City of Hope, with locations in California, Arizona, Illinois, and Georgia, is one of the largest cancer research and treatment organizations in the U.S. serving approximately 134,000 patients each year, with more than 11,000 team members, 600 physicians and more than 1,000 scientists and researchers. As one of only 53 NCI-designated comprehensive cancer centers (NCI-CCCs), City of Hope is leading efforts to address health disparities and bring the breakthroughs of tomorrow to the people who need them today.
Dating back to 1913 when it was a tuberculosis sanatorium, City of Hope has a rich history of serving the needs of the vulnerable community with a steadfast commitment to health equity, compassionate care, and leading-edge research. “From its inception, City of Hope has strived to expand access to optimal cancer care to every individual, irrespective of their race, socioeconomic status, insurance coverage or geographical location,” said Angela Talton, Senior Vice President and Chief Diversity, Equity and Inclusion Officer at City of Hope. “This commitment shaped our journey and continues to drive our diversity, equity and inclusion (DEI) strategy today.”
City of Hope has a holistic DEI strategy focused on its staff, patients, their families and caregivers and the community.
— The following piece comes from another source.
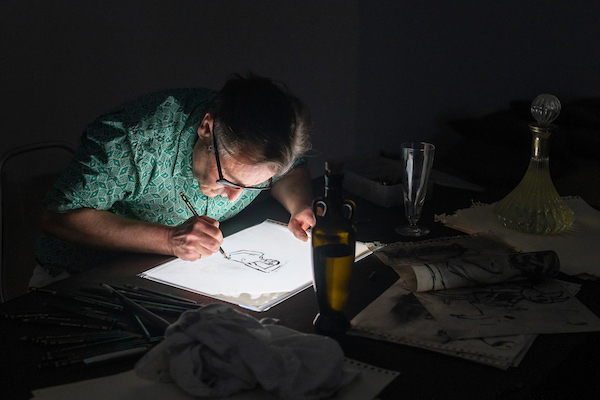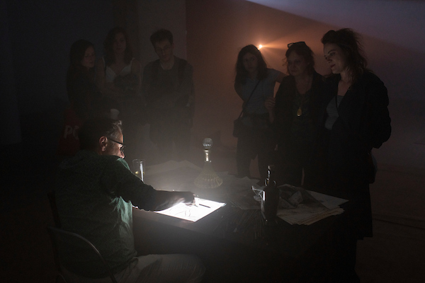 Il y a trois choses dans un lieu déserté. L’une dessine et projette, la deuxième balaye et fume, la dernière bourdonne et caresse. Au revers d’une table, dans le cône d’un phare, ou dans la gorge qui caverne, il y a trois choses qui remuent.

Addressing systematic barriers to adequate cancer care is a cornerstone of the organization’s advocacy work. With this focus, City Hope created the Cancer Care is Different (CCID) Coalition, which brought together a diverse set of advocates, oncology leaders and organizations to increase access to specialized care that could save lives. The Coalition helped draft legislation which became the California Cancer Care Equity Act (CCCEA), a law passed in January 2023 to ensure all Californians, including those on MediCal, the state’s Medicaid program, have the right to request treatment at an NCI-CCC, where they can receive leading- edge treatments and enroll in clinical trials.
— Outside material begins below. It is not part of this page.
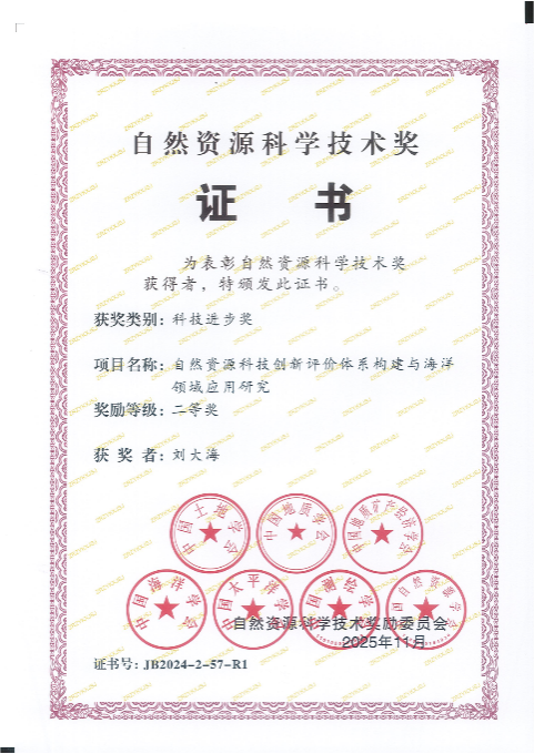 信誉好的网上博彩网站 刘大海、张磊教授荣获2024年度自然资源科学技术奖科技进步奖

“In the US, there is a gap between the current era of cancer innovation and the people who need and can access these breakthroughs,” says Talton. “Our industry needs to close that gap by advancing equity for all patients, not just those who seek care via our centers or medicines.” City of Hope understands that cultivating a culture of inclusion is crucial for engaging and building trust with historically excluded and underserved communities. By fostering an inclusive environment. City of Hope is better equipped to meet the needs of these communities and provide them with optimal care.
“This commitment begins internally with practices such as comprehensive interactive, scenario-based training and development programs that have been introduced to ensure all employees receive training on actions and behaviors needed to foster a consciously inclusive City of Hope,” says Talton. Additionally, City of Hope has established a supplier diversity program, which encourages the use of minority- owned, women-owned, veteran-owned, LGBT-owned, service- disabled veteran-owned, and historically underutilized businesses as suppliers.
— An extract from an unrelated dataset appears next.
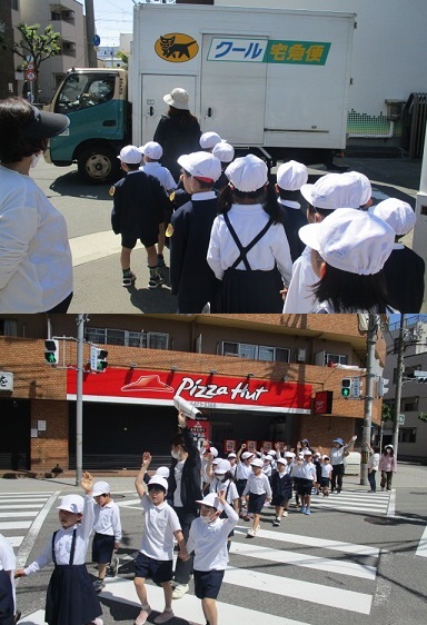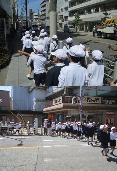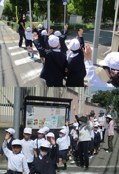 遠足や校外学習をひかえ、安全に気をつけ、横断歩道の渡り方や信号の見方など、先生から教わりながらクラスごとの集団で歩行しました。

City of Hope also recognizes the crucial role of a diverse physician workforce in offering high-quality care to an increasingly diverse patient population. Today, 40% of physicians at City of Hope identify as women, and 58% identify as racially/ethnically diverse.
These efforts have not gone unnoticed; in the past two years City of Hope’s ranking on DiversityInc’s list as one of the nation’s “Top Hospitals and Health Systems” has increased from #8 to #2. Additionally, the Human Rights Campaign (HRC) has named City of Hope a “Leader in LGBTQ Healthcare Equality” for four consecutive years, highlighting the organization’s commitment to providing inclusive care to all patients.
City of Hope’s commitment to health equity and DEI is deeply ingrained in its history and continues to shape its present and future. Through partnerships, community programs, advocacy and a diverse workforce, City of Hope is actively addressing disparities and working towards a future where every person, regardless of their background, has access to optimal cancer care.